#### Task objective:
Your output must be the lines below from the line containing "I layer a plush" to the line containing "Vottene kjennetegnes med", both lines included, reproduced exactly and without pictures.

#### Records from a dataset:
= Beginning of Section =
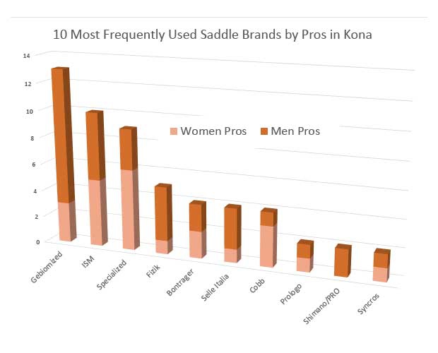 But the saddle that really surprised me was the 10th-most used saddle by the AGers, made by Gebiomized. I counted every piece of equipment used by every pro in both Thursday and Saturday races and it was a shock to see this saddle on so many bikes. In fact, I probably undercounted this saddle. As you see from the chart below this was the most-used saddle by pros in Kona.
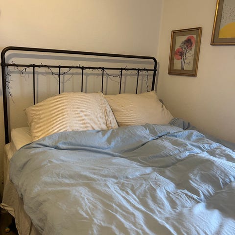 140x200 cm boxmadras seng med stål ben. Inkl topmadras. Velegnet til daglig brug som hovedseng eller gæsteseng. Har haft den i et års tid, og været meget glad for den, men skal have en større.
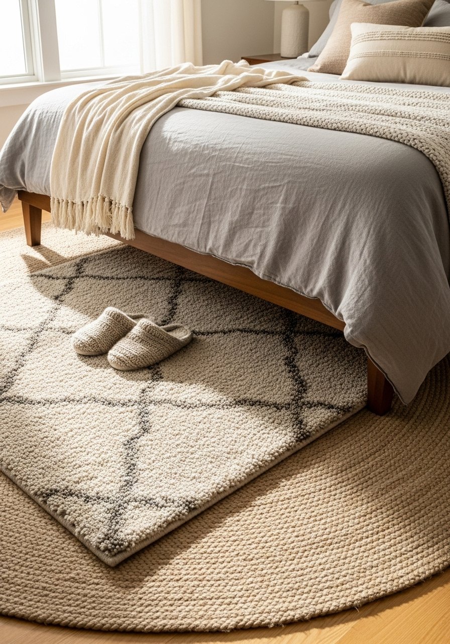 I layer a plush 5×7 rug over a natural jute rug for softness and traction. I bought a plush area rug 5×7 and a jute round rug. The underlayer prevents slipping and adds dimension. Common mistake: choosing rugs the wrong scale—ensure at least front legs sit on the rug.
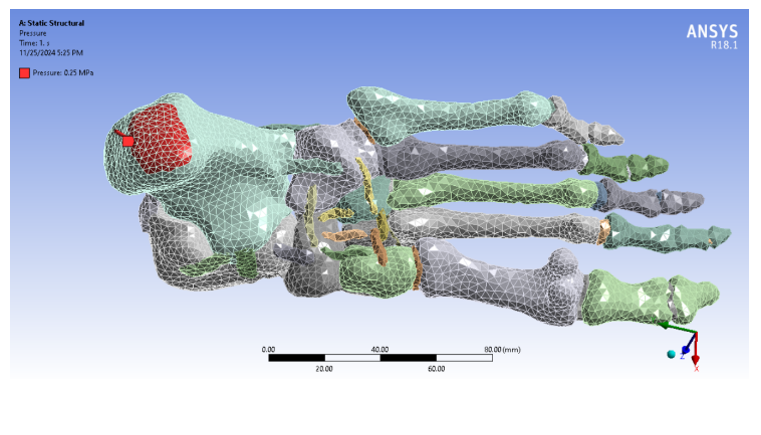 A 3D model of the human foot bones was previously reconstructed from medical imaging data and prepared for finite element analysis in ANSYS Workbench. The model included cortical and trabecular bone regions segmented from CT datasets, smoothed and meshed with tetrahedral elements to ensure adequate convergence and stability of the solution. Mesh quality was verified through element aspect ratio and orthogonality criteria to minimize numerical error.
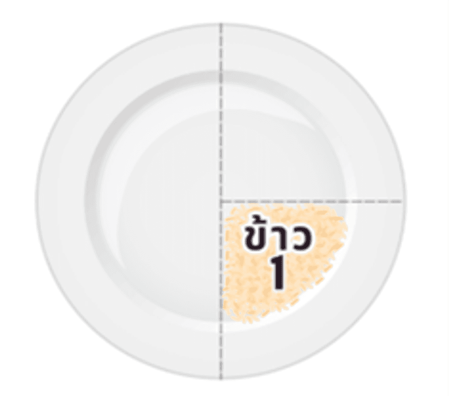 1 ส่วน (หนึ่งในสี่ของจาน) : ข้าว/แป้ง/เส้นต่าง ๆ ซึ่งเป็นแหล่งของคาร์โบไฮเดรต ควรเน้นชนิดไม่ขัดสี เช่น ข้าวกล้อง ขนมปังโฮลวีท
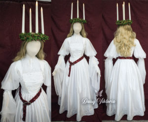 I love combining historical fashion with fantasy costuming! I’ve adapted 16th century Germanic fashion to create this fantasy Christmas dress. Santa Lucia is a beloved Swedish Christmas tradition honoring light within the darkness at winter solstice. Each year, I honor Lucia in my own costumed way, and this year I am doing that by creating a historically inspired fantasy Lucia dress. I took inspiration from 16th century German fashion to create this super fun costume mashup.
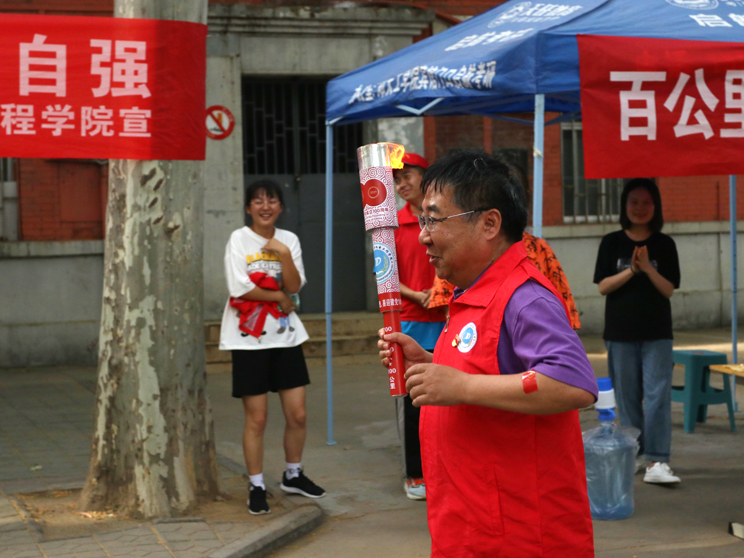 在简单的热身运动之后,校党委副书记、工会主席李成吾点燃第一棒火炬,正式开启了此次接力跑。活动过程中,师生们手持火炬,热情满溢,以奔跑之姿,展现师生风采,以青春之名,为建党百年献礼。手中的火炬一次又一次的传递,如同百年来为祖国和人民做出无私奉献的先辈英烈们的革命精神被一代又一代的接力传承下去。
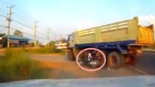 คลิปอุบัติเหตุ! นาที รถบรรทุกสิบล้อทับ Vs มอไซค์ แล้วหนีหน้าปั๊ม ปตท.อำเภอเกษตรวิสัย ดับ 2
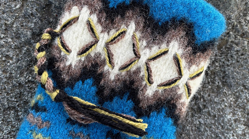 Vottene kjennetegnes med en bunnfarge, som kombineres med naturhvit og 3 andre farger. På mansjetten er det en lovikka-inspirert dekor, med dusk. I denne oppskrifta er det brukt bestemte farger, men vottene kan fint strikkes i andre fargekombinasjoner og gjerne i restegarn.
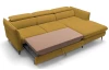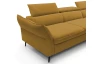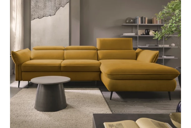 Rohová sedací souprava v trendovém elegantním designu připomíná optiku polštářů. Komfortní sezení doplňují polohovatelné zádové opěrky a nastavitelné boční područky, díky kterým si přizpůsobíte pohodlí podle aktuální potřeby. Sedačka tvořící pravý roh je očalouněna sametově lesklou měkkou látkou v odstínu hořčicová žlutá. Praktickou stránkou je rozkládací funkce na lůžko a úložný prostor, který se vždy hodí.
= End of Section =
#### Solution for this exercise:
 I layer a plush 5×7 rug over a natural jute rug for softness and traction. I bought a plush area rug 5×7 and a jute round rug. The underlayer prevents slipping and adds dimension. Common mistake: choosing rugs the wrong scale—ensure at least front legs sit on the rug.
 A 3D model of the human foot bones was previously reconstructed from medical imaging data and prepared for finite element analysis in ANSYS Workbench. The model included cortical and trabecular bone regions segmented from CT datasets, smoothed and meshed with tetrahedral elements to ensure adequate convergence and stability of the solution. Mesh quality was verified through element aspect ratio and orthogonality criteria to minimize numerical error.
 1 ส่วน (หนึ่งในสี่ของจาน) : ข้าว/แป้ง/เส้นต่าง ๆ ซึ่งเป็นแหล่งของคาร์โบไฮเดรต ควรเน้นชนิดไม่ขัดสี เช่น ข้าวกล้อง ขนมปังโฮลวีท
 I love combining historical fashion with fantasy costuming! I’ve adapted 16th century Germanic fashion to create this fantasy Christmas dress. Santa Lucia is a beloved Swedish Christmas tradition honoring light within the darkness at winter solstice. Each year, I honor Lucia in my own costumed way, and this year I am doing that by creating a historically inspired fantasy Lucia dress. I took inspiration from 16th century German fashion to create this super fun costume mashup.
 在简单的热身运动之后,校党委副书记、工会主席李成吾点燃第一棒火炬,正式开启了此次接力跑。活动过程中,师生们手持火炬,热情满溢,以奔跑之姿,展现师生风采,以青春之名,为建党百年献礼。手中的火炬一次又一次的传递,如同百年来为祖国和人民做出无私奉献的先辈英烈们的革命精神被一代又一代的接力传承下去。
 คลิปอุบัติเหตุ! นาที รถบรรทุกสิบล้อทับ Vs มอไซค์ แล้วหนีหน้าปั๊ม ปตท.อำเภอเกษตรวิสัย ดับ 2
 Vottene kjennetegnes med en bunnfarge, som kombineres med naturhvit og 3 andre farger. På mansjetten er det en lovikka-inspirert dekor, med dusk. I denne oppskrifta er det brukt bestemte farger, men vottene kan fint strikkes i andre fargekombinasjoner og gjerne i restegarn.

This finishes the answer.